O agito das urnas


Por Tribuna

14/10/2016 às 07h00- Atualizada 14/10/2016 às 07h55

Votar na eleição passada foi um exercício difícil. Depois do impeachment, com que o Congresso Nacional pisoteou o voto da maioria, a primeira atitude que pensei tomar foi não comparecer ou ir a uma agência dos Correios, em Matias Barbosa ou Santos Dumont, por exemplo, e justificar. Isso para não arcar com o não comparecimento puro e simples, visto que somaria, desta maneira, ao desrespeito de deputados e senadores, alguma sanção legal, o que seria arrematada burrice de minha parte.

Estaria, também, abrindo caminho para quem desdenha da política e quer justamente que aqueles que exercitam alguma crítica se afastem. E é a hora de redobrada atenção, para que o desânimo não aliene além da conta. O ocorrido na eleição, no meu entender, não deixa dúvida, a decepção é grande.
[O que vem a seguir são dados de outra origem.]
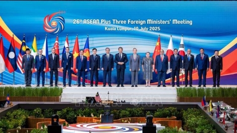 (VOVWORLD) - เมื่อวันที่ 13 กรกฎาคม ณ กรุงกัวลาลัมเปอร์ ประเทศมาเลเซีย บรรดาประเทศสมาชิกอาเซียน ร่วมกับญี่ปุ่น จีนและสาธารณรัฐเกาหลีหรือ อาเซียน+3, APT ได้ยืนยันถึงคำมั่นในการส่งเสริมการผสมผสานเข้ากับกระแสเศรษฐกิจในภูมิภาค และธำรงระบบการค้าพหุภาคีตามกฎหมายในสภาวการณ์ที่ความไร้เสถียรภาพทางเศรษฐกิจและการค้าโลกเพิ่มมากขึ้น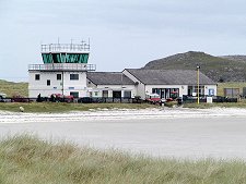 Barra Airport is small but well equipped. The control tower looks east over Traigh Mhor towards the nearby island of Orasaigh, and to Fuday and Eriskay in the distance. From the rear of the control tower it is possible to see over the dunes to the breakers of the Atlantic crashing in on the beach of Traigh Eais, three hundred yards to the west.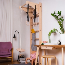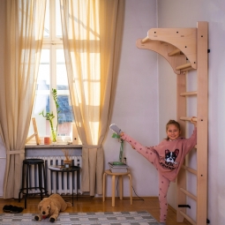 Gymnastikleiter 112 aus Buchenholz, 0,67 m breit und 2,2 m hoch. Inklusive 8 Sprossen, abnehmbarer Klimmzugstange, Kinderzubehör und Montageteilen. Maximale Belastung: 120 kg, Gewicht: 23 kg.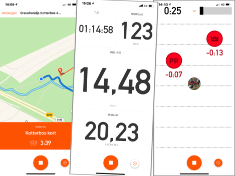 Tijdens navigatie is het behoorlijk vervelend als je op een zogeheten ‘segment’ terecht komt. Het scherm verandert dan om te zien hoe je scoort ten opzichte van je persoonlijke record (PR) en degene die de KOM te pakken heeft op dat segment (degene die dat fictieve stukje racebaan het snelste heeft afgelegd). De kaart is dan opeens uit beeld en dat kan in lastige verkeerssituaties voor problemen zorgen. Sowieso is de kaart niet erg gedetailleerd en heb je 4G nodig voor navigatie (kost batterijen).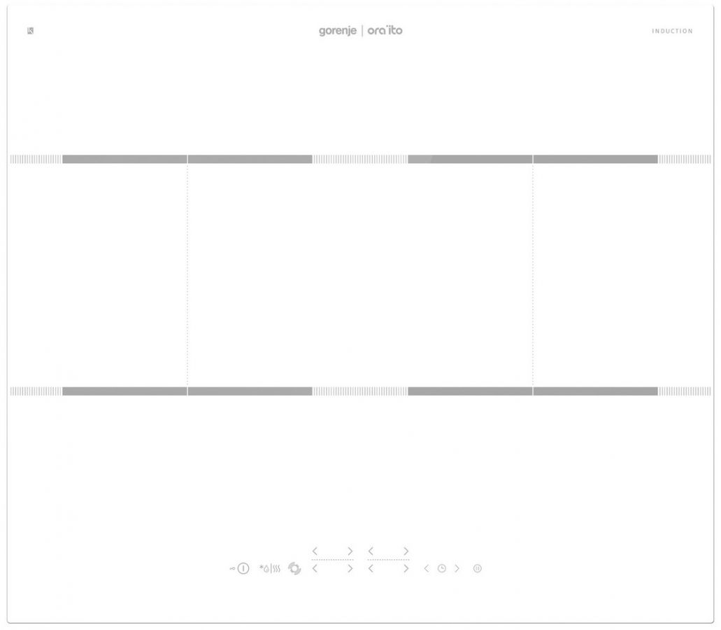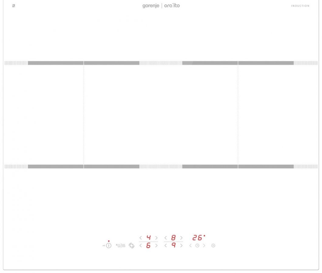 Indukční vestavná sklokeramická deska se 4 indukčními zónami, funkcí AreaFlex, Recall pro obnovení nastavení, EggTimer, časovačem, StopGo - okamžité dočasné zastavení vaření bez ztráty nastavených parametrů, StayWarm - udržování teploty 70 °C, SoftMelt - šetrné rozpouštění 42 °C, detekcí polohy hrnce a PowerBoost.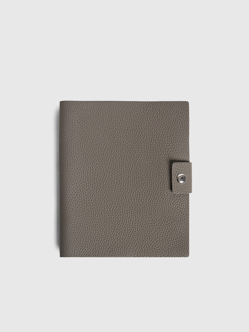 Лаконичный блокнот с обложкой из мягкой коровьей кожи с естественным рисунком и бархатистой внутренней стороной. В этом сезоне он стал еще более компактным и легким — ближе к формату А5. Листы плотной бумаги молочного оттенка фиксируются металлическими кольцами, а к обложке крепятся с помощью кнопок. Можно составить комплект с портмоне из нашей коллекции. В блоке 70 листов.
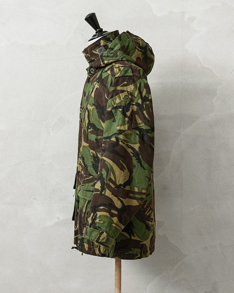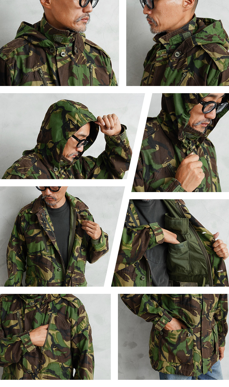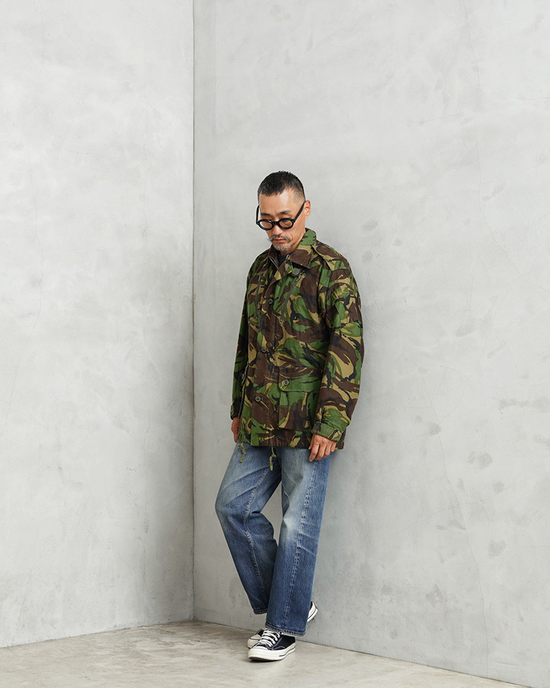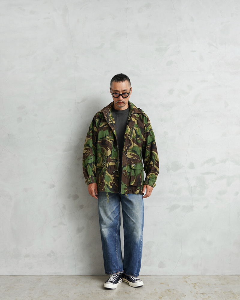1970年代初頭~2000年代にイギリス空軍(RAF=Royal Air Force)で使用されたDPMカモを使用したMK2Aコンバットジャケットが入荷しました。RAFのアイテムでありながらDPMカモというのが珍しく、球数の少なさも相まって放出されることがほとんど無いレアアイテムです!胸元のDポケットのようなジッパー開閉のポケットが特徴で、ウエストにはマチ付きのフラップポケット、左袖には3連のペンホルダー、内側にはベルクロ開閉のフラップポケットと、背面下部にはゲームポットのように使える大型のポケットが備わったデザインです。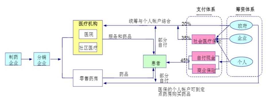 传统医药流通产业链:分为制药、流通、医院/药店、患者、支付方五大环节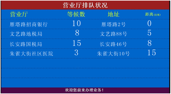 相信很多人有過這樣的經歷:要去銀行、稅務大廳辦事,花半小時到達銀行,取號,然后再等上30-60分鐘甚至兩個小時時間,然后花上10-15分鐘甚至更少時間用于實際辦業務;還有的人取了號,然后出去辦事,估摸著時間折返回營業廳——時間的拿捏當然是很困難的,因為你無法準確的估算每個人辦業務花費的時間,人數越多,這種時間越難把握。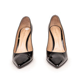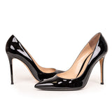 These Gianvito Rossi Patent Leather Heels are a sleek, elegant staple crafted in glossy black patent leather. Designed with a classic pointed toe and a refined stiletto heel, they offer a timeless silhouette perfect for formal events, business attire, or evening wear. The smooth leather interior provides comfort, while the high-shine exterior adds a polished, luxurious finish.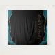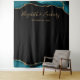 Esta elegante tapeçaria de cabine de fotos de casamento apresenta uma borda de ágata em tons de azul-turquesa e dourado na parte superior e inferior sobre um fundo preto. Personalize-a com os nomes dos noivos em uma fonte manuscrita dourada seguida pela data.

O deputado Júlio Delgado publicou importante artigo (“O Grito das Urnas”, 9/10/16) nesse mesmo sentido de preocupação com a insatisfação do eleitor. Partindo do resultado acachapante do aumento dos votos nulos, brancos e abstenções, imputa, certeiramente, a culpa de tal resultado “à indignação dos brasileiros com a política”, levando-os a rechaçar maciçamente o que lhes foi apresentado para votar.
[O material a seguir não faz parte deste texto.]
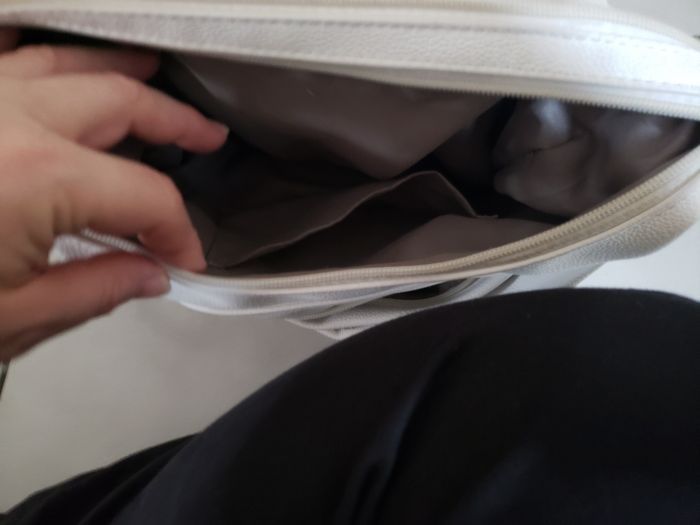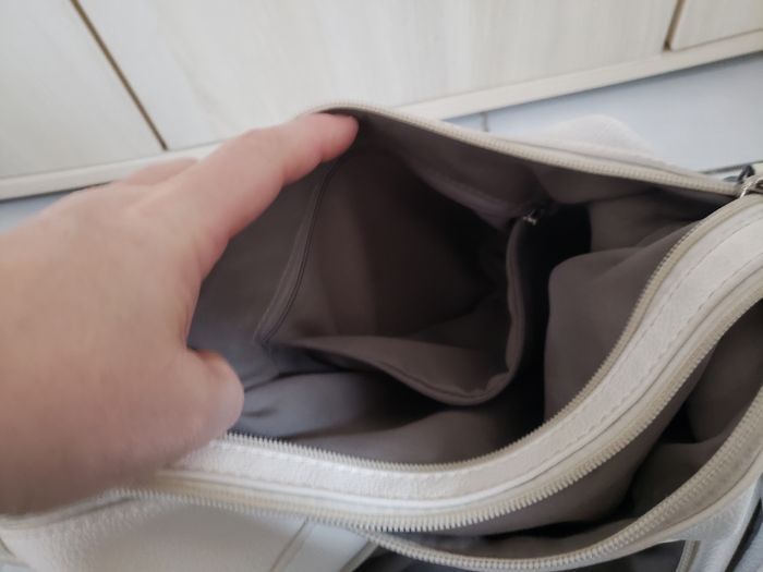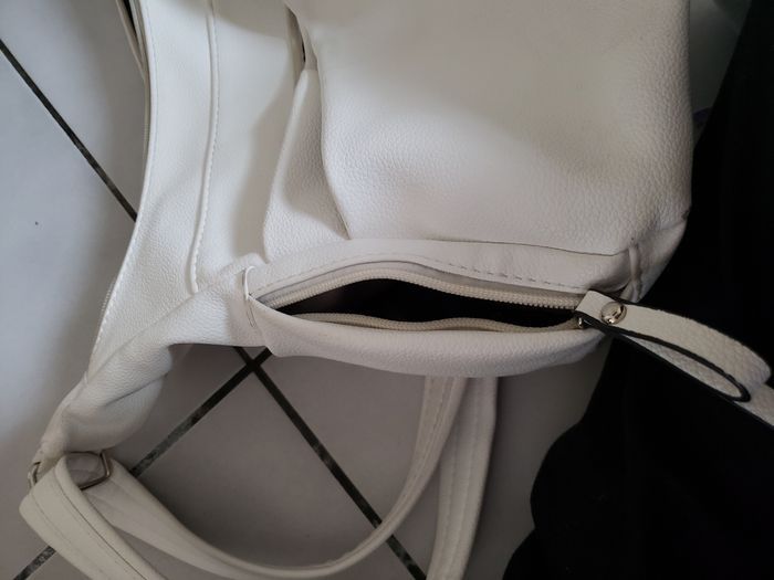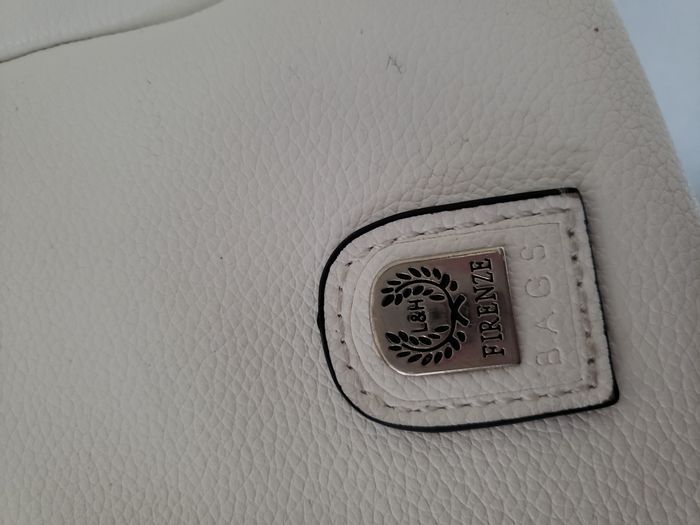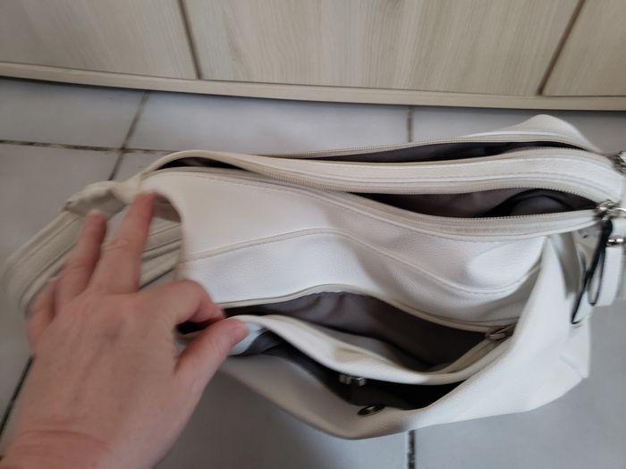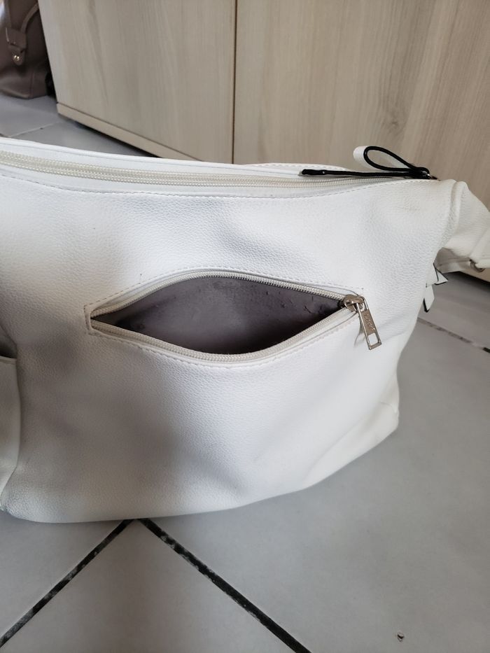 Sac à main bandoulière blanc multipoches intérieur et extérieur en très bon état avec quelques tâches infimes qui devraient partir avec bon détachant.

O dado imediatamente anterior à eleição, o impeachment, no entanto, não foi arrolado pelo deputado em suas considerações. É uma lacuna severa, porque é provável que o aumento seja um mero efeito causado pelo desprezo com que o Congresso Nacional tratou o voto da maioria no episódio do impedimento presidencial, corrompendo a soberania popular.

Corruptora, a casa congressual pulverizou o valor do voto, e isso pode ter detonado com o ânimo de defensores mais intransigentes da democracia e pode tê-los feito reagir com alguma radicalidade. Até porque, em vez de desperdício do voto, como classificada pelo deputado, tal atitude chamou a atenção e impulsionou o debate das antiquíssimas mazelas da política nacional.

Acertou em cheio Sua Ex.ª, porém, quando classificou o resultado como “um grito de protesto contra o atual sistema político” e quando sugere aumentar o nível do debate e da ação política como forma de melhoria da qualidade democrática. Também ao chamar a atenção para a lição dada pelas urnas à classe política. O que me permite concluir, esperançoso, que, mesmo violentadas e gritando de dor, como no golpe militar e no recente, as urnas se mantêm intocáveis e em altíssima conta em se tratando da soberania popular.

Para as próximas eleições, o recado poderá incorporar, por exemplo, os efeitos arrasadores da PEC 241 na educação, saúde e bem-estar social. A expectativa é de que urnas e eleitores gritem mais, em face do assalto ao social que o instrumento promete, ainda mais que o Governo, que está implementando medidas tão agressivas, não tem qualquer aval eleitoral. Isso compromete o clamor por representantes comprometidos que o deputado reputa necessário para devolver a confiança aos eleitores e reverter o resultado de agora. E o único caminho que restauraria a representatividade, o voto, não estará disponível antes de 2018.